Text-To-Speech Configuration

This article mainly introduces how to configure the TTSConfig parameter in the StartAIConversation API.

Supported Configurations

Please use your own third-party account for TTS parameters.

Tencent TTS

{
"TTSType": "tencent", // String TTS type, currently supports "tencent" and "minixmax", support for other vendors is ongoing.
"AppId": "Your Application ID", // String, required
"SecretId": "Your Secret ID", // String, required
"SecretKey": "Your Secret Key", // String, required
"VoiceType": 101001, // Integer, required, voice ID, including standard timbre and premium timbre.
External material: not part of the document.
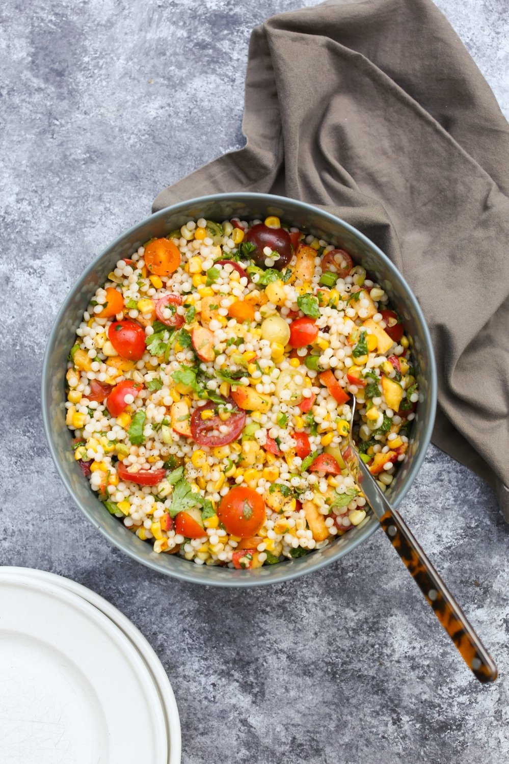 I’ve always gravitated toward grain and pasta salads in general, but they are truly the best packable sides for picnics/bbqs/potlucks, and this Summer Couscous Salad has become my most beloved summer offering. Israeli couscous loaded with peaches, cherry tomatoes, sweet corn, herbs aplenty, and simply dressed with plenty of fresh lemon and olive oil is a wildly versatile, crowd-pleasing summer smorgasbord salad that never gets old. Seriously. I’ve made it at least once a week this entire summer, beach bbq or not, as this sweet and savory staple is equally fabulous as a dinner party side or #sassydesklunch.

The premium timbre has higher realism and a different price from the standard timbre. See the Text To Speech billing overview for details. For the complete list of voice IDs, see the Text To Speech timbre list.
"Speed": 1.25, // Integer, optional, speech speed, range: [-2, 6], corresponding to different speech speeds: -2: represents 0.6 times, -1: represents 0.8 times, 0: represents 1.0 times (default), 1: represents 1.2 times, 2: represents 1.5 times, 6: represents 2.5 times. If you need a more detailed speech speed, you can retain 2 decimal places, such as 0.5/1.25/2.81, etc. For the conversion between parameter values and actual speech speed, see Speech Speed Conversion.
"Volume": 5, // Integer, optional, volume level, range: [0, 10], corresponding to 11 levels of volume, default value is 0, representing normal volume.
"PrimaryLanguage": 1, // Integer, optional primary language 1 - Chinese (default) 2 - English 3 - Japanese
"FastVoiceType": "xxxx" // optional parameter, parameter for Voice Reproduce
}

Minimax TTS

{
"TTSType": "minimax", // String, TTS type,
"Model": "speech-01-turbo",
"APIUrl": "https://api.minimax.chat/v1/t2a_v2",
"APIKey": "eyxxxx",
"GroupId": "181000000000000",
"VoiceType":"female-tianmei",
"Speed": 1.2
}
See: MiniMax
For rate limits, see: MiniMax. It may cause Lag in response.
API
T2A V2 (Speech Generation)
T2A Pro (Speech Generation)
T2A (Speech Generation)
T2A Stream (Streaming Speech Generation)
T2A Stream (Streaming Speech Generation)

Model
speech-01-turbo, speech-01-240228, speech-01-turbo-240228
speech-01, speech-02
speech-01, speech-02
speech-01
speech-01
Limit Type
RPM
RPM
RPM
RPM
CONN (Maximum Number of Parallel Running Tasks)
Free plan
3
3
3
3
1
Paid plan
20
20
20
20
3

Azure TTS

{
"TTSType": "azure", // required: String TTS type
"SubscriptionKey": "xxxxxxxx", // required: String Subscription Key
"Region": "chinanorth3", // required: String Region of subscription
"VoiceName": "zh-CN-XiaoxiaoNeural", // required: String Voice name is required
"Language": "zh-CN", // required: String Language for synthesis
"Rate": 1 // optional: float speech speed 0.5–2 Default is 1
}

Cartesia TTS

{
"TTSType": "cartesia", // required: String TTS type
"Model": "sonic-multilingual", // required model
"APIKey": "eyxxxx", // required: obtained API key
"VoiceId": "eda5bbff-1ff1-4886-8ef1-4e69a77640a0" // required sound id https://play.cartesia.ai/
}
See: Cartesia TTS

ElevenLabs TTS

{
"TTSType": "elevenlabs", // required: String TTS type
"Model": "eleven_turbo_v2_5", // required: model type
"APIKey": "eyxxxx",
"VoiceId": "eda5bbff-1ff1-4886-8ef1-4e69a77640a0" // Voice type https://elevenlabs.io/docs/api-reference/get-voices
}

Custom TTS

{
"TTSType": "custom", // required: String
"APIKey": "ApiKey", // required: String for authentication
"APIUrl": "http://0.0.0.0:8080/stream-audio" // required: String, TTS API URL
"AudioFormat": "wav", // String, optional, expected output audio format, such as mp3, ogg_opus, pcm, wav, default is wav, currently only supports pcm and wav
"SampleRate": 16000, // Integer, optional, audio sample rate, default is 16000 (16kHz), recommended value is 16000
"AudioChannel": 1, // Integer, optional, audio channel quantity, value: 1 or 2, default is 1
}
For specific protocol specifications, see Customize TTS protocol.